Four years ago, when Clinton was still the secretary of state, she exploded at staffers in an email regarding the suggestion to replace the terms “mother” and “father” on passports with “parent one” and “parent two,” to reflect non-traditional families.

Not only did Clinton have a fit, she also refused to defend the plans to the right-wing opposition.

“I’m not defending that decision, which I disagree  and knew nothing about, in front of this Congress,” she wrote. “I could live w letting people in nontraditional families choose another descriptor so long as we retained the presumption of mother and father. We need to address this today or we will be facing a huge Fox-generated media storm led by [Sarah] Palin et al.”

The email, sent to top aides Cheryl Mills and Jake Sullivan, was quickly responded to by Mills, who promised she would be “reaching out to folks to find out.”

Days later, the new gender-neutral labels were dropped from all passport applications.

Clinton has previously received criticism for her intense opposition to gay marriage up until 2013, when her views suddenly changed.

Recently, Taylor Branch, a close friend of Bill Clinton’s, recounted a conversation where the former president explained that his wife experienced discomfort around gay people.

Branch recalled Bill Clinton saying Hillary was not “comfortable around gay people who were kind of acting out, or pushing her to the limit.
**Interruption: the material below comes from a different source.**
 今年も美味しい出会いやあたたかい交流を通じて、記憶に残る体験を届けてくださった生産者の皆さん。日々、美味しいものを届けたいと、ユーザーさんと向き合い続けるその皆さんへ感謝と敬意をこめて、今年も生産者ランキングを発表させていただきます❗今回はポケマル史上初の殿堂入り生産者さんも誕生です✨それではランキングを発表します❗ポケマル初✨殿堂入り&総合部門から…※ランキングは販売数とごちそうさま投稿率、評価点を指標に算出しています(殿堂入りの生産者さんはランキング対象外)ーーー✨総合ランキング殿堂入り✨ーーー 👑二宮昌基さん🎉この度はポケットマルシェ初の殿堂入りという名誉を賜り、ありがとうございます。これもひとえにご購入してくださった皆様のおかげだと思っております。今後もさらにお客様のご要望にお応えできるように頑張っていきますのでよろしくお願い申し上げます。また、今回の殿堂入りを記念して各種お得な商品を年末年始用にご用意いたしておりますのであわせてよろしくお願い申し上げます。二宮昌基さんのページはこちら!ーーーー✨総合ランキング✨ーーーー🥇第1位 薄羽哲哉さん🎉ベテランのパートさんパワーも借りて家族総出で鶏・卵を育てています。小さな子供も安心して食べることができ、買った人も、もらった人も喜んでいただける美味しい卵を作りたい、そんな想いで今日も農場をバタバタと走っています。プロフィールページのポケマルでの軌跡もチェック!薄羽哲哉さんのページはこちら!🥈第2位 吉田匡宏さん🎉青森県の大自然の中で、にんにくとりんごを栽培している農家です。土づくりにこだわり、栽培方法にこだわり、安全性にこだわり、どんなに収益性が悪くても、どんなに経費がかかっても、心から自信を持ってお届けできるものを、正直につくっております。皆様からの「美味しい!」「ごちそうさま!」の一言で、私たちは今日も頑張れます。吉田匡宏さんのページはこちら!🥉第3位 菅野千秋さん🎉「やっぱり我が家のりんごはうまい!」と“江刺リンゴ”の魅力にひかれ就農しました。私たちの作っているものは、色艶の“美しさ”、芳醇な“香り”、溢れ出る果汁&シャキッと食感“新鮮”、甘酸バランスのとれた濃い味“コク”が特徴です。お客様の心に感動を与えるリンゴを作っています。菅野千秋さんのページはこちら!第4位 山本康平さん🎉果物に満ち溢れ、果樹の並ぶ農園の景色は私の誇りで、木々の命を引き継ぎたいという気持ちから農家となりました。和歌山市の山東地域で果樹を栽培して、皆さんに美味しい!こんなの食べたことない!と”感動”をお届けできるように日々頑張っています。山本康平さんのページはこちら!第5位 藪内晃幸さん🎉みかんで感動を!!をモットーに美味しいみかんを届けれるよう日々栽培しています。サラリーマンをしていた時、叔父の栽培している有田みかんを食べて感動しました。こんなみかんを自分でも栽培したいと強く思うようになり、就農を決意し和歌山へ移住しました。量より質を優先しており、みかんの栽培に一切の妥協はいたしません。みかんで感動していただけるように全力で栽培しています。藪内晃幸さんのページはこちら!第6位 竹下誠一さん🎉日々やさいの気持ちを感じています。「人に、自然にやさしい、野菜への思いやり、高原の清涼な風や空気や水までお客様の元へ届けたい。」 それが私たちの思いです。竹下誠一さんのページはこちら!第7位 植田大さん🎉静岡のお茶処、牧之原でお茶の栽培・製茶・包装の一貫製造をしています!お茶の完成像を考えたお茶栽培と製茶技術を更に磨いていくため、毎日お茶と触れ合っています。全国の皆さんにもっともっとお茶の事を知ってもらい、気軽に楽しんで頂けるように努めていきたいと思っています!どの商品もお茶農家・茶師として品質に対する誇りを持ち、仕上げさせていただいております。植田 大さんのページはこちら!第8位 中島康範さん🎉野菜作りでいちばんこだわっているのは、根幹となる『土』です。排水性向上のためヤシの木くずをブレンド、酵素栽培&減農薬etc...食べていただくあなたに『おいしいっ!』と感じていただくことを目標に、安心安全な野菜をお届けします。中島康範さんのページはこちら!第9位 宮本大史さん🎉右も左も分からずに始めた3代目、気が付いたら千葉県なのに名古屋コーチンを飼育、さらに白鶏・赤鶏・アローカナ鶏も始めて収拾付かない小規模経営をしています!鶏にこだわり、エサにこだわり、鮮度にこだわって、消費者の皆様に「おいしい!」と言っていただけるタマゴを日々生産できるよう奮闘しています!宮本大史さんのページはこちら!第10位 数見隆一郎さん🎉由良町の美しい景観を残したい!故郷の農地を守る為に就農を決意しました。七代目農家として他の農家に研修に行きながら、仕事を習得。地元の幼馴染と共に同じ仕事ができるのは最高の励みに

She did have general discomfort.”

Branch also recalled Bill explaining that the 2016 Democratic frontrunner had a “general discomfort” with gay-rights issues and was “really a little put off by some of this stuff.”

In contrast, the race’s second place contender, Bernie Sanders, has a long history of defending gay rights, even declaring a gay pride day during his time as the mayor of Burlington, Vermont, in 1983 — 32 years before SCOTUS would make its federal ruling on gay marriage.

He also voted against the Defense of Marriage Act in 1996, which defined marriage as “a legal union between one man and one woman,” and gave states the right to refuse to recognize gay marriages performed in other states.

“Back in 1996, that was a tough vote,” Sanders told the The Hill. “Not too many people voted against it, but I did.”